• [TASK PROMPT]
The job is to output each record exactly as it stands, pictures excluded.

--- RECORD SET Enclosed Below ---

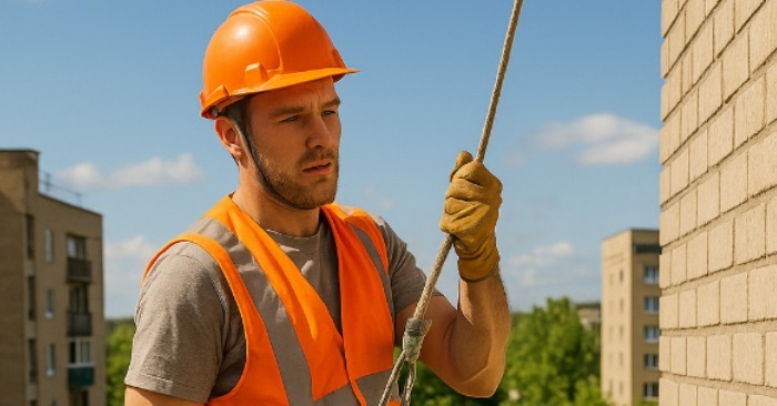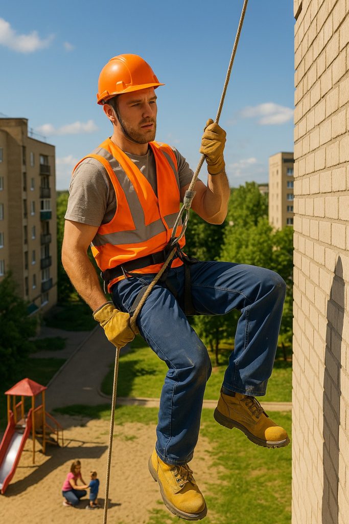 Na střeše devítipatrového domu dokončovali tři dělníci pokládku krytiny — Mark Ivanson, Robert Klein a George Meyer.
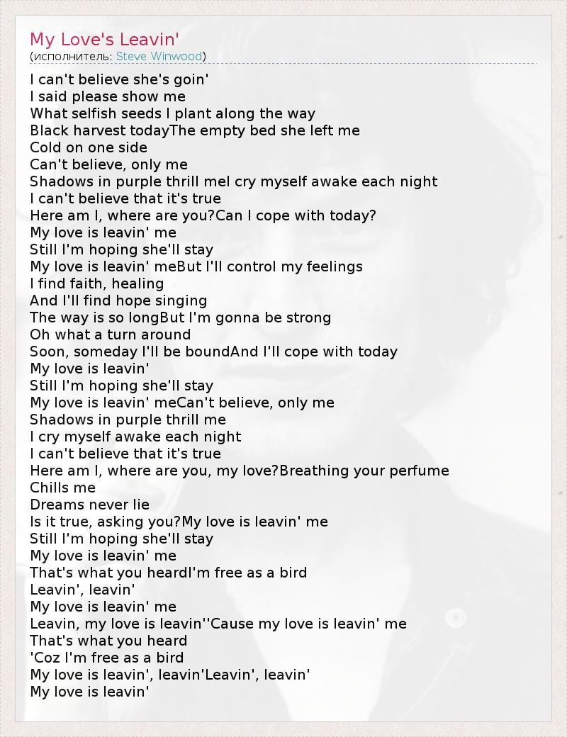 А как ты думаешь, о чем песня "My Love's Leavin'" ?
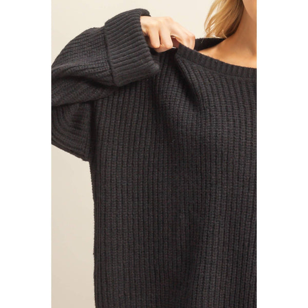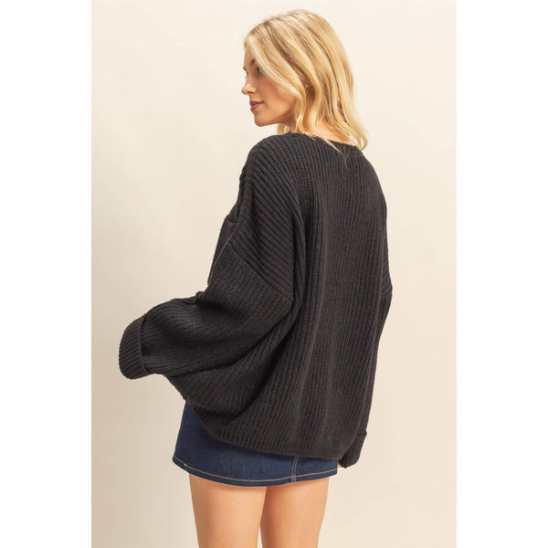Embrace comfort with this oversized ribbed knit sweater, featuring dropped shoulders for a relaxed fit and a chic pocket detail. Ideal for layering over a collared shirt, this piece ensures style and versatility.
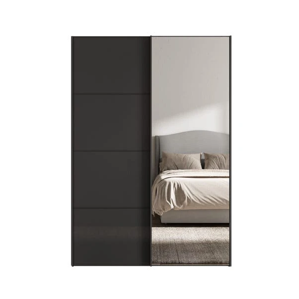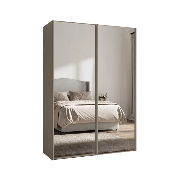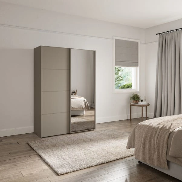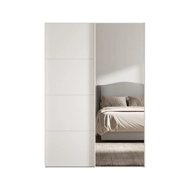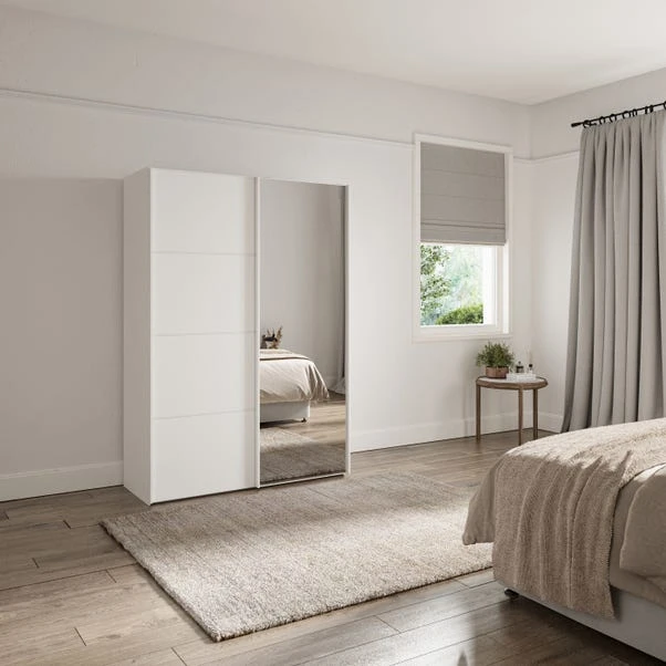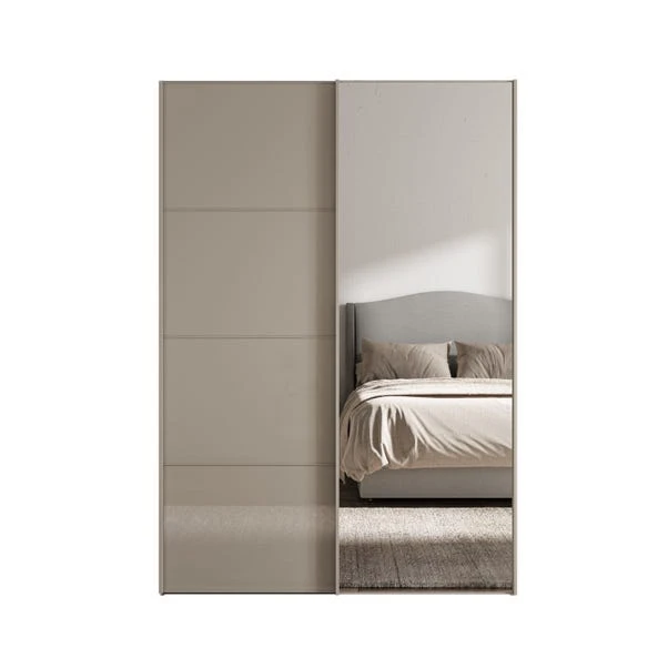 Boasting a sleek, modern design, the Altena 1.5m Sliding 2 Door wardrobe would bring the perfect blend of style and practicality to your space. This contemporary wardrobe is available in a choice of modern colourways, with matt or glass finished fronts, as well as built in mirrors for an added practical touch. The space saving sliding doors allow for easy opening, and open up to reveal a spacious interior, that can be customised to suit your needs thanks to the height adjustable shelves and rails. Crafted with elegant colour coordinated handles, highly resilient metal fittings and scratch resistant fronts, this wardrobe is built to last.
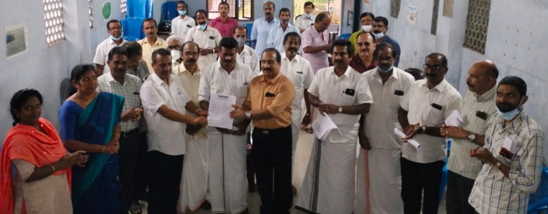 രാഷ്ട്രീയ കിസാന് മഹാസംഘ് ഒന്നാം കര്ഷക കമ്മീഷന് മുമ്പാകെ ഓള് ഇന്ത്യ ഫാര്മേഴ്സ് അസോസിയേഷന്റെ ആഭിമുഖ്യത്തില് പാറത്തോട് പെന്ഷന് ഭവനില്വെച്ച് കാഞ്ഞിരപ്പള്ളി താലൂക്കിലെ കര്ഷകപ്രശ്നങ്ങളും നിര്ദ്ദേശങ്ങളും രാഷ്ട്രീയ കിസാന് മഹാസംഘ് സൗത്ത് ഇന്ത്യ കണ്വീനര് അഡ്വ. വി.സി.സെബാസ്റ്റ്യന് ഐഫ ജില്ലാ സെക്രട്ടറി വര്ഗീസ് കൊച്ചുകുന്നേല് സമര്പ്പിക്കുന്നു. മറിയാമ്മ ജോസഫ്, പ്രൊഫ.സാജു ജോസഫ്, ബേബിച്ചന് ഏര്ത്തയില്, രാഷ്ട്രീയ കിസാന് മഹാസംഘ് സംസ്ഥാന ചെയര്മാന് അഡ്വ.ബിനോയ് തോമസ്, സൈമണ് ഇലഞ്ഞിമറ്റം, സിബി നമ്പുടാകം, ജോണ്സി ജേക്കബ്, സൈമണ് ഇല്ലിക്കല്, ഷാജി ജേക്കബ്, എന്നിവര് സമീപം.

--- End of Enclosed RECORD SET ---

• [ANSWER FOR THE TASK]
 Na střeše devítipatrového domu dokončovali tři dělníci pokládku krytiny — Mark Ivanson, Robert Klein a George Meyer.
 А как ты думаешь, о чем песня "My Love's Leavin'" ?
Embrace comfort with this oversized ribbed knit sweater, featuring dropped shoulders for a relaxed fit and a chic pocket detail. Ideal for layering over a collared shirt, this piece ensures style and versatility.
 Boasting a sleek, modern design, the Altena 1.5m Sliding 2 Door wardrobe would bring the perfect blend of style and practicality to your space. This contemporary wardrobe is available in a choice of modern colourways, with matt or glass finished fronts, as well as built in mirrors for an added practical touch. The space saving sliding doors allow for easy opening, and open up to reveal a spacious interior, that can be customised to suit your needs thanks to the height adjustable shelves and rails. Crafted with elegant colour coordinated handles, highly resilient metal fittings and scratch resistant fronts, this wardrobe is built to last.
 രാഷ്ട്രീയ കിസാന് മഹാസംഘ് ഒന്നാം കര്ഷക കമ്മീഷന് മുമ്പാകെ ഓള് ഇന്ത്യ ഫാര്മേഴ്സ് അസോസിയേഷന്റെ ആഭിമുഖ്യത്തില് പാറത്തോട് പെന്ഷന് ഭവനില്വെച്ച് കാഞ്ഞിരപ്പള്ളി താലൂക്കിലെ കര്ഷകപ്രശ്നങ്ങളും നിര്ദ്ദേശങ്ങളും രാഷ്ട്രീയ കിസാന് മഹാസംഘ് സൗത്ത് ഇന്ത്യ കണ്വീനര് അഡ്വ. വി.സി.സെബാസ്റ്റ്യന് ഐഫ ജില്ലാ സെക്രട്ടറി വര്ഗീസ് കൊച്ചുകുന്നേല് സമര്പ്പിക്കുന്നു. മറിയാമ്മ ജോസഫ്, പ്രൊഫ.സാജു ജോസഫ്, ബേബിച്ചന് ഏര്ത്തയില്, രാഷ്ട്രീയ കിസാന് മഹാസംഘ് സംസ്ഥാന ചെയര്മാന് അഡ്വ.ബിനോയ് തോമസ്, സൈമണ് ഇലഞ്ഞിമറ്റം, സിബി നമ്പുടാകം, ജോണ്സി ജേക്കബ്, സൈമണ് ഇല്ലിക്കല്, ഷാജി ജേക്കബ്, എന്നിവര് സമീപം.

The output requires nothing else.